── Extracted data

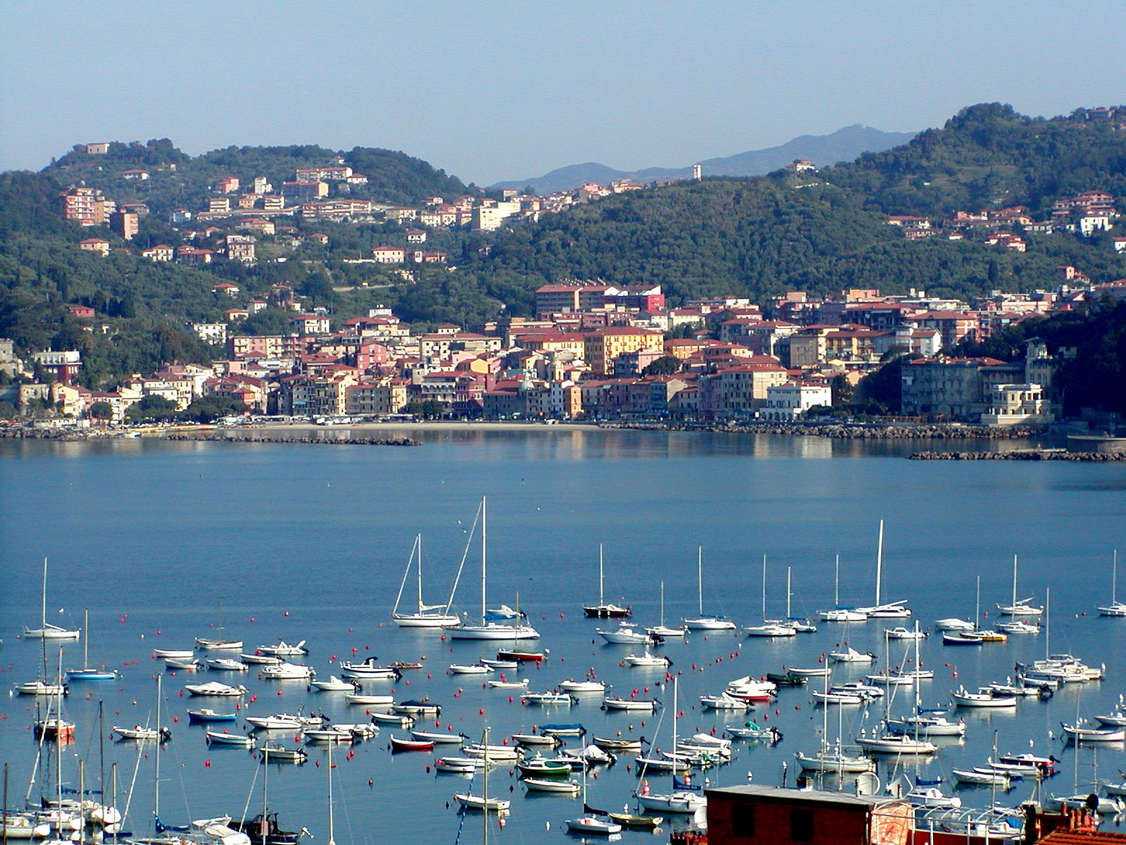 San Terenzo di Lerici (La Spezia) seen from Lerici
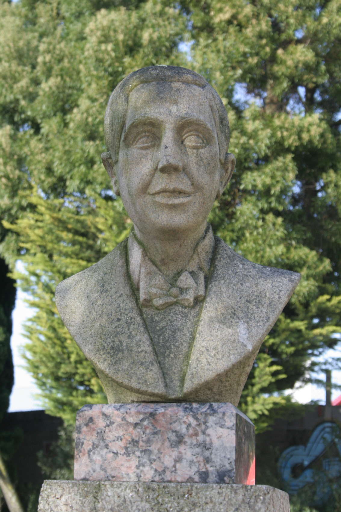 Monument to Carlos Gardel by Raúl Comesaña
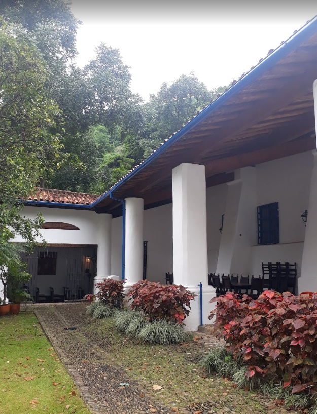 Izcaragua country club Miranda State Venezuela 5 Gardens
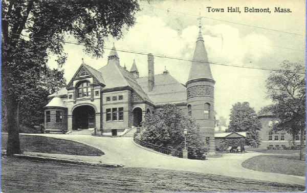 Postcard picture of Town Hall in Belmont. Store Web page states: "Town Hall, Belmont, Massachusetts Postcard, Pub by F M LeBonte, Druggist, Belmont, Mass, [...] PM Cambridge, Mass Aug 31, 1913, One Cent Stamp Intact"
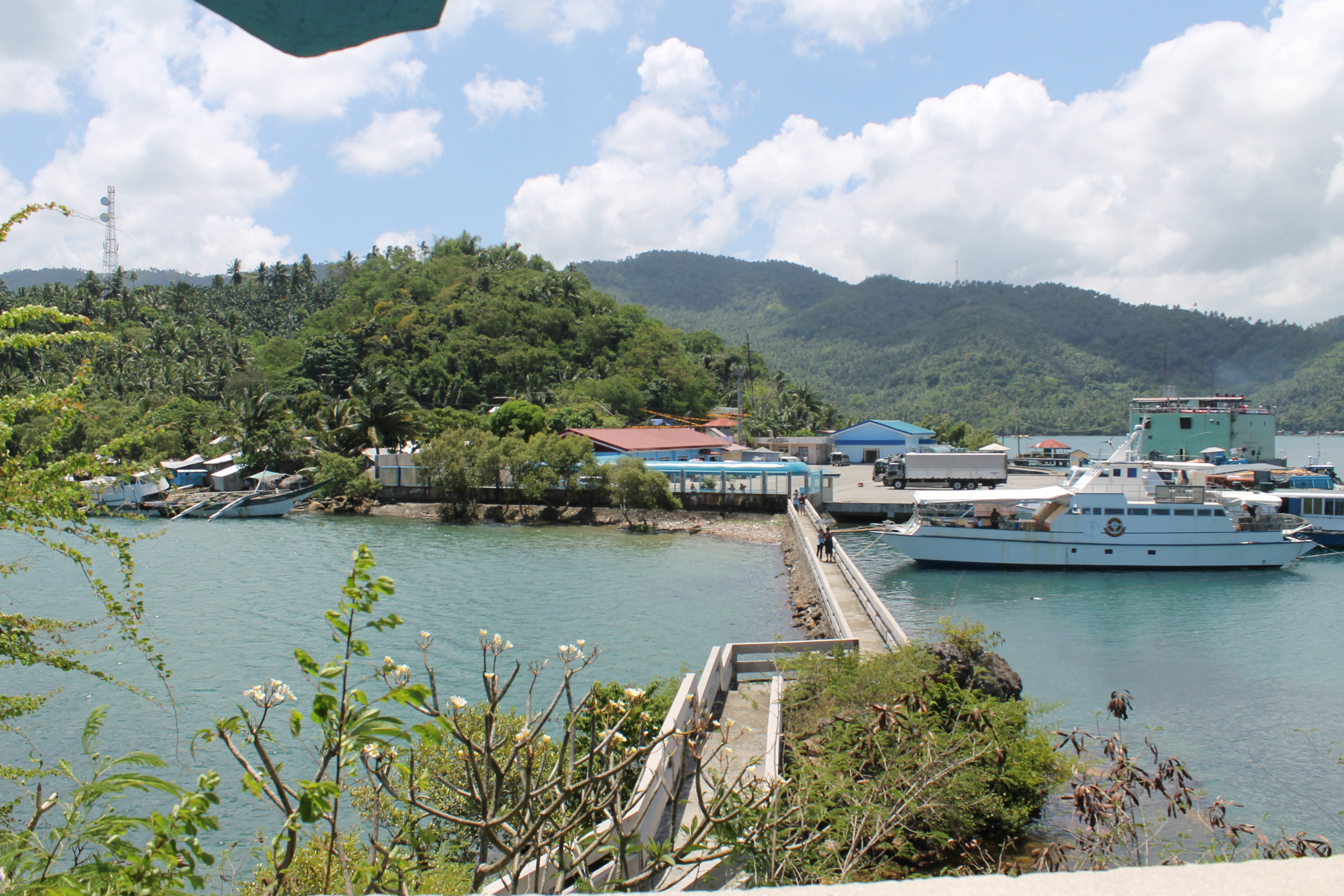 In a view deck of Mama Mary Statue take a shot.

────

What you need to do: What are the lines from the one containing "Izcaragua country club" through the end of the records? Write them out exactly, leaving out the pictures.

Your response:
 Izcaragua country club Miranda State Venezuela 5 Gardens
 Postcard picture of Town Hall in Belmont. Store Web page states: "Town Hall, Belmont, Massachusetts Postcard, Pub by F M LeBonte, Druggist, Belmont, Mass, [...] PM Cambridge, Mass Aug 31, 1913, One Cent Stamp Intact"
 In a view deck of Mama Mary Statue take a shot.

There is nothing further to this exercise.